5 AEO Mistakes Killing Your AI Search Visibility

Your B2B SaaS product is probably invisible to ChatGPT, Perplexity, and Claude — and you didn't even know you had a problem. AEO mistakes don't throw errors. They don't break your site. They just silently ensure that when a buyer asks an AI assistant about your category, your competitor gets cited instead of you.

These five mistakes are the most common causes of AEO invisibility. Work through them in order — each one is a specific, fixable problem.

1

You're blocking AI crawlers in robots.txt

This is the most common AEO mistake and the easiest to fix. GPTBot (OpenAI), ClaudeBot (Anthropic), PerplexityBot, and Google-Extended (for AI Overviews) are explicitly excluded by many site templates and security plugins. If they're blocked, your content is permanently invisible to AI systems.

Fix: Check your robots.txt at yourdomain.com/robots.txt. Look for lines containing GPTBot, ClaudeBot, PerplexityBot, or Google-Extended. If any are "Disallow"ed, change them to "Allow". Then verify with AIGrowthNav's free AEO scan →
2

No llms.txt file

AI models use retrieval to answer specific queries. An llms.txt file at the root of your domain (yourdomain.com/llms.txt) gives AI systems a machine-readable summary of what you do, who it's for, and which pages contain your most authoritative content. Without it, AI models must infer from marketing copy — which is almost always too vague to cite confidently.

Fix: Create a plain-text llms.txt file at your domain root. The format is simple: a brief product description, your target audience, and a list of key pages with one-line descriptions. See the llms.txt spec →
3

Vague first-150-words definition

AI models extract answers from the opening of a page when forming responses to queries. If your homepage or key product pages open with "We help companies grow" or "Leading provider of revenue solutions" — you're losing the definition slot to competitors who open with "AIGrowthNav is an AI-powered revenue operations platform for B2B SaaS teams with $5M–$50M ARR."

Fix: Rewrite the first 150 words of your homepage and top product pages. Lead with a specific, targeted definition: what you are, who it's for, what problem you solve, and one key differentiator. No buzzwords. See our AEO guide on definitional content →
4

No FAQPage schema markup

AI models strongly prefer structured, Q&A-formatted content over prose paragraphs when answering specific questions. Without FAQPage schema markup, your FAQ section is just text — with schema, it becomes a structured data signal that AI systems use to build confidence in citing you as an authoritative source.

Fix: Add FAQPage JSON-LD schema to your FAQ page (or create one if you don't have one).

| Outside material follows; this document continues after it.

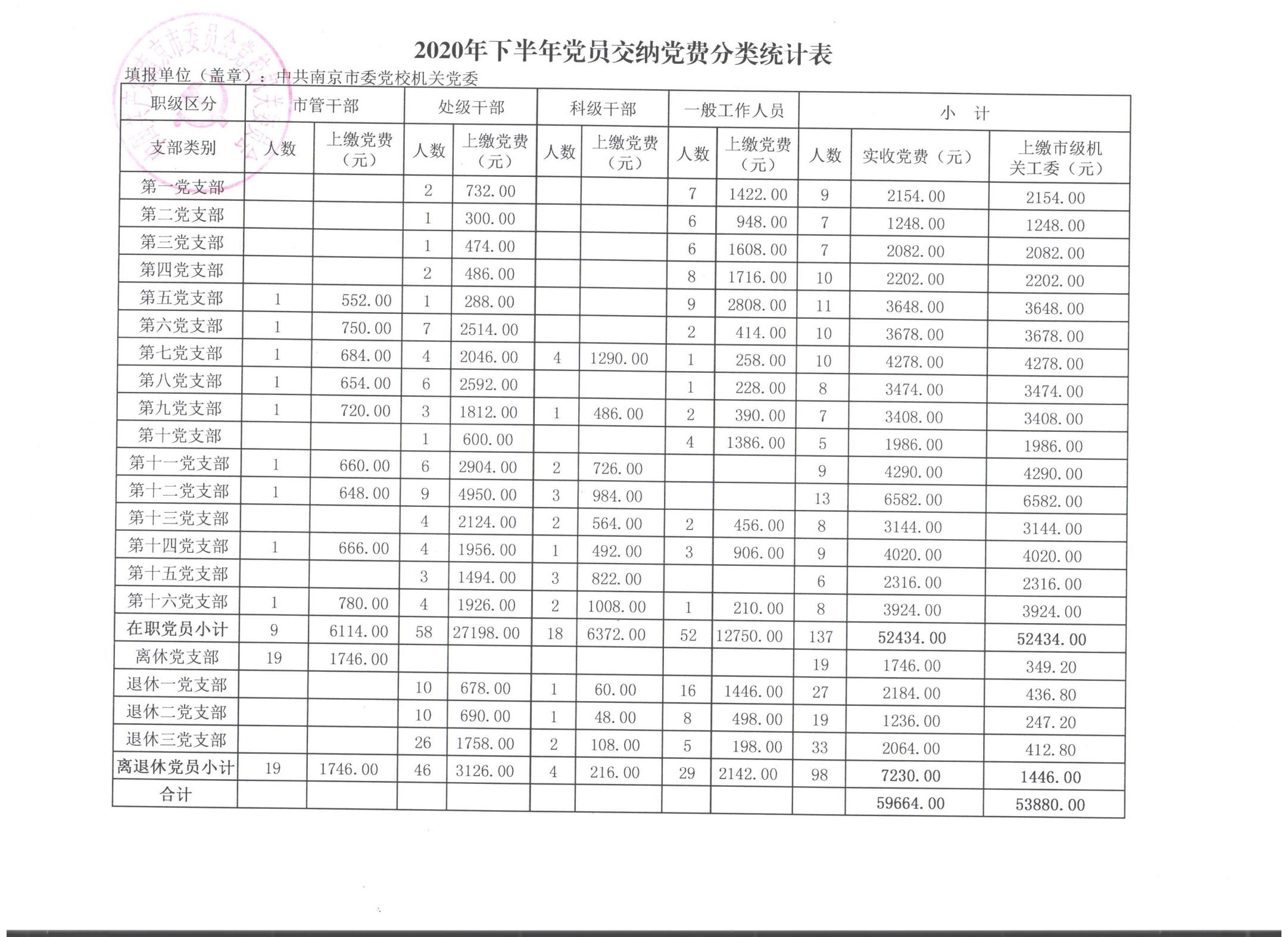 我校院机关党委认真贯彻落实上级文件精神,切实做好党费收缴、使用和管理工作,把党费收缴、使用和管理的情况作为党务公开的一项重要内容,从而进一步加强党员教育,督促党员自觉、足额、按时交纳党费,严格组织纪律性。下半年共收缴党费59664.00元,现根据《校院关于贯彻〈中国共产党党务公开条例(试、行)〉的实施方案》有关精神,将各党支部下半年党费收缴情况公示。

Use schema.org/FAQPage → format. Each question should have a clear, specific answer (50+ words). Test with Google's Rich Results Test.
5

No Organization or Product schema

Without structured data telling AI systems who you are and what you make, they must rely on inference from content alone. Organization schema on your homepage — with your brand name, logo, URL, description, and social profiles — gives AI systems an authoritative signal they can cite with confidence.

Fix: Add Organization JSON-LD schema to your homepage and Organization + Product schema to key product pages. Include: name, URL, description, logo, sameAs (social profiles), and product details. Use our AEO checklist to verify all 10 signals →

Compounding problem: These five mistakes don't just reduce your citation rate — they compound. A competitor who has all five fixed has a structural advantage that grows with every AI training cycle. The earlier you fix these, the better your citation baseline when the next wave of AI adoption hits your category.